Download the transofrmer models based on CNN and XSUM (Tensorflow) datasets

In [0]:
%cd /content/PreSumm/models

#CNN/DM Extractive bertext_cnndm_transformer.pt
!gdown https://drive.google.com/uc?id=1kKWoV0QCbeIuFt85beQgJ4v0lujaXobJ&export=download #CNN/DM Extractive bertext_cnndm_transformer.pt

#CNN/DM Abstractive model_step_148000.pt    
!gdown https://drive.google.com/uc?id=1-IKVCtc4Q-BdZpjXc4s70_fRsWnjtYLr&export=download #CNN/DM Abstractive model_step_148000.pt 


/content/PreSumm/models
Downloading...
From: https://drive.google.com/uc?id=1kKWoV0QCbeIuFt85beQgJ4v0lujaXobJ
To: /content/PreSumm/models/bertext_cnndm_transformer.zip
1.32GB [00:18, 73.0MB/s]
Downloading...
From: https://drive.google.com/uc?id=1-IKVCtc4Q-BdZpjXc4s70_fRsWnjtYLr
To: /content/PreSumm/models/bertsumextabs_cnndm_final_model.zip
1.98GB [00:49, 40.3MB/s]
Permission denied: https://drive.google.com/uc?id=1H50fClyTkNprWJNh10HWdGEdDdQIkzsI
Maybe you need to change permission over 'Anyone with the link'?


Unzipping the models

In [0]:
!unzip /content/PreSumm/models/bertext_cnndm_transformer.zip
!unzip /content/PreSumm/models/bertsumextabs_cnndm_final_model.zip

Archive:  /content/PreSumm/models/bertext_cnndm_transformer.zip
  inflating: bertext_cnndm_transformer.pt  
Archive:  /content/PreSumm/models/bertsumextabs_cnndm_final_model.zip
  inflating: model_step_148000.pt    


Creating directories to store the models with data


In [0]:
!mkdir /content/PreSumm/models/CNN_DailyMail_Extractive
!mkdir /content/PreSumm/models/CNN_DailyMail_Abstractive

Move the contents of each model into appropriate training data directories

In [0]:
!mv /content/PreSumm/models/bertext_cnndm_transformer.pt /content/PreSumm/models/CNN_DailyMail_Extractive
!mv /content/PreSumm/models/model_step_148000.pt /content/PreSumm/models/CNN_DailyMail_Abstractive

Create directories to hold test data and text summary outputs

In [0]:
!mkdir /content/PreSumm/bert_data_test/
!mkdir /content/PreSumm/bert_data/cnndm

### Loading a new text file to summarize

First we will connect to your Google Drive account by running the following cell

In [0]:
from google.colab import drive
drive.mount('/content/drive')

Go to this URL in a browser: https://accounts.google.com/o/oauth2/auth?client_id=947318989803-6bn6qk8qdgf4n4g3pfee6491hc0brc4i.apps.googleusercontent.com&redirect_uri=urn%3aietf%3awg%3aoauth%3a2.0%3aoob&response_type=code&scope=email%20https%3a%2f%2fwww.googleapis.com%2fauth%2fdocs.test%20https%3a%2f%2fwww.googleapis.com%2fauth%2fdrive%20https%3a%2f%2fwww.googleapis.com%2fauth%2fdrive.photos.readonly%20https%3a%2f%2fwww.googleapis.com%2fauth%2fpeopleapi.readonly

Enter your authorization code:
··········
Mounted at /content/drive


Load a new text file and pre-process it for the summarization phase.
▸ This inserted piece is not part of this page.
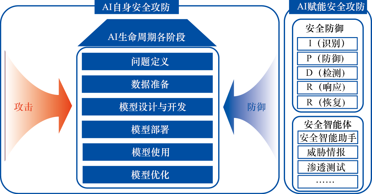 “这是AI安全攻防的全景图。”安教授指着示意图说,“左半部分是AI自身安全攻防,其中左侧箭头代表攻击者,右侧箭头代表防御者,中间部分是AI在其生产和运行生命周期中涉及的关键阶段,每个阶段都可能成为攻击的入口,攻击对象涉及模型、数据和算法各个方面。右半部分是AI赋能安全攻防,包含全流程的安全防御和基于大模型的安全智能体。”
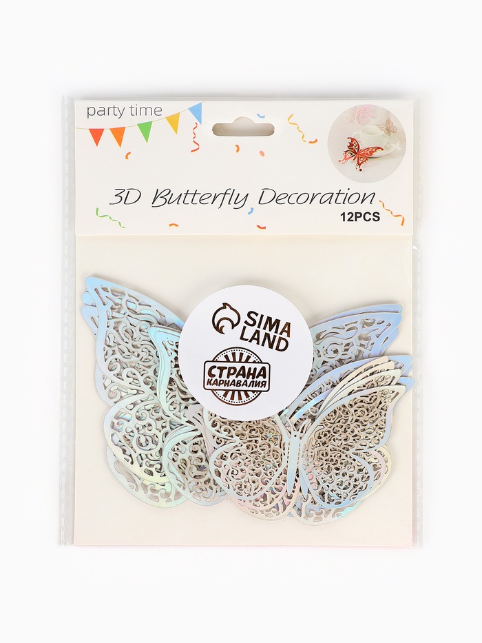 Топперы для декора «Бабочки», 12 штук, голография, серебряный — Характеристики

Note: You may have to change the paths/name of file to load in the text = open... line. IN the following example, the text file is stored in a google drive folder.

In [0]:
%cd /content/PreSumm/bert_data/cnndm

text = open('/content/drive/My Drive/Colab Notebooks/sample.txt', 'r').read()
text = text.split('.')
with open('/content/PreSumm/bert_data/cnndm/file.txt', 'a') as f: 
    f.writelines(text)

/content/PreSumm/bert_data/cnndm


Import NLTK (download punkt if required). This will be used for tokeization of the input text file.

In [0]:
import nltk
nltk.download('punkt')

[nltk_data] Downloading package punkt to /root/nltk_data...
[nltk_data]   Unzipping tokenizers/punkt.zip.


True

The following cell contains the required code for training the data

In [0]:
%%writefile /content/PreSumm/src/summarizer.py
#!/usr/bin/env python
"""
    Main training workflow
"""
from __future__ import division

import argparse
import os
from others.logging import init_logger
from train_abstractive import validate_abs, train_abs, baseline, test_abs, test_text_abs, load_models_abs
from train_extractive import train_ext, validate_ext, test_ext
from prepro import data_builder
import glob, os

model_flags = ['hidden_size', 'ff_size', 'heads', 'emb_size', 'enc_layers', 'enc_hidden_size', 'enc_ff_size',
               'dec_layers', 'dec_hidden_size', 'dec_ff_size', 'encoder', 'ff_actv', 'use_interval']


def str2bool(v):
    if v.lower() in ('yes', 'true', 't', 'y', '1'):
        return True
    elif v.lower() in ('no', 'false', 'f', 'n', '0'):
        return False
    else:
        raise argparse.ArgumentTypeError('Boolean value expected.')



def init_args():
    parser = argparse.ArgumentParser()
    parser.add_argument("-task", default='abs', type=str, choices=['ext', 'abs'])
    parser.add_argument("-encoder", default='bert', type=str, choices=['bert', 'baseline'])
    parser.add_argument("-mode", default='test', type=str, choices=['train', 'validate', 'test'])
    parser.add_argument("-bert_data_path", default='../../bert_data_new/cnndm')
    parser.add_argument("-model_path", default='../../models/')
    parser.add_argument("-result_path", default='../../results/cnndm')
    parser.add_argument("-temp_dir", default='../../temp')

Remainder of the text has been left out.